Zuckerman initially sought treatment from Dr. Bradley Leibovich – a long-serving KCA Medical Steering Committee member and the current Chair of KCA’s Board of Directors – at the Mayo Clinic and later at UCLA for care closer to home.

“The most immediately helpful thing that Dr. Leibovich did for me in that first appointment was to say, ‘We have a plan,’” Zuckerman says. Because kidney cancer does not typically respond to chemotherapy and radiation, Zuckerman was told she would have surgery followed by interleukin-2 (IL-2), an immunotherapy treatment. “Knowing there was a plan gave me a sense that I wasn’t out of options—that something could be done beyond the surgery that I had already expected,” she says.

A long-time teacher, Zuckerman began to help support and educate others about kidney cancer, making technical concepts understandable through her blog and work with advocacy groups and research organizations.

https://www.www.kidneycancer.org/stories/spotlight-peggy-zuckerman/

Zuckerman calls herself an “expert patient” based on her experiences as a patient and patient advocate. She started connecting with other kidney cancer patients through support groups at UCLA and Cedars-Sinai after her treatment. In 2008, she started a blog to translate kidney cancer research findings into understandable language.

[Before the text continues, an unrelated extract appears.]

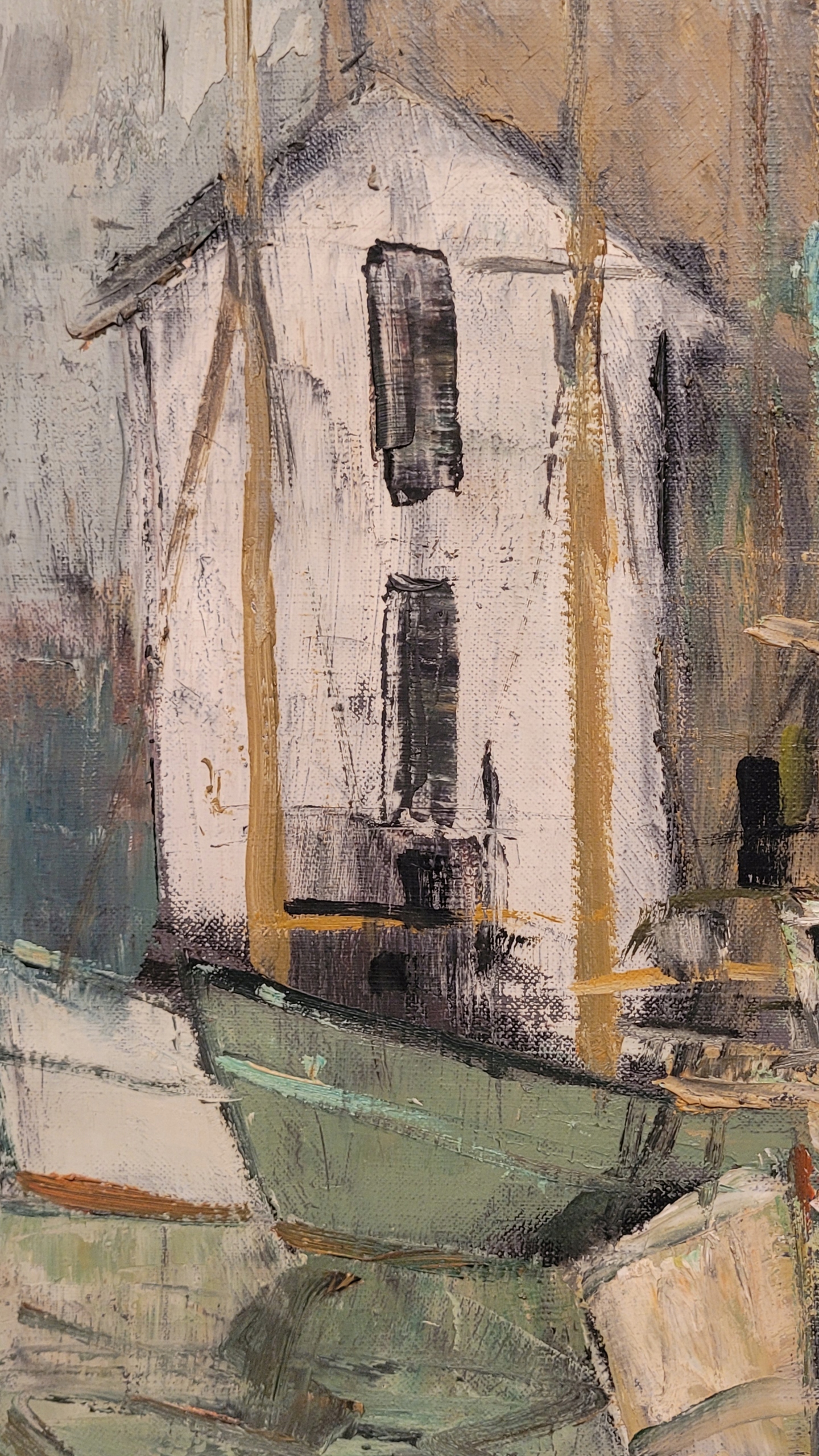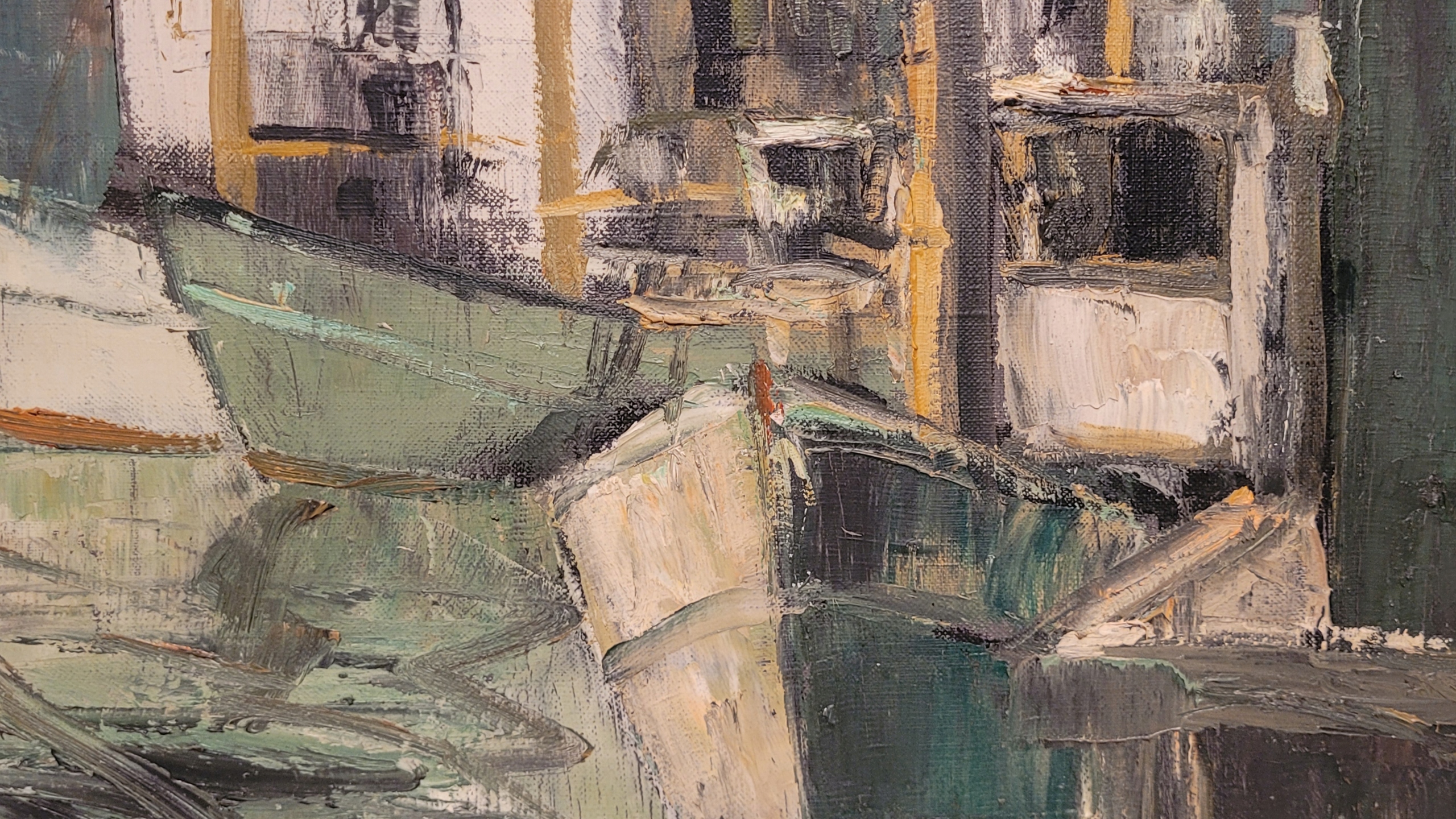 Предметом продажу є красива стара картина маслом "ЧОВНИ В ПОРТУ".

In 2010, when she received her first invitation to speak at an internal meeting at Prometheus Laboratories about her IL-2 treatment, she jumped at the opportunity. “I realized that my story had value beyond the patients I corresponded with by email,” she says. She enrolled in a yearlong online patient advocacy training program through UCLA. “The same place that had saved my life now changed it again,” she says.

Zuckerman has since volunteered with nearly a dozen kidney cancer organizations and has represented kidney cancer patients on panels for the Kidney Cancer Association (KCA), the National Cancer Institute and the FDA. In 2017, she was appointed the first renal cancer patient advocate for SWOG Cancer Research Network, a global cancer research community that designs and conducts publicly funded clinical trials. She is also a member of KCA’s Patient & Advisory Council and reviews grant applications for cancer-related research for the Department of Defense.

“We can’t keep up with her,” her [eldest] daughter Lilla says. “Every time we talk to her, she’s speaking for a different foundation and going on all these trips. It is pretty remarkable.”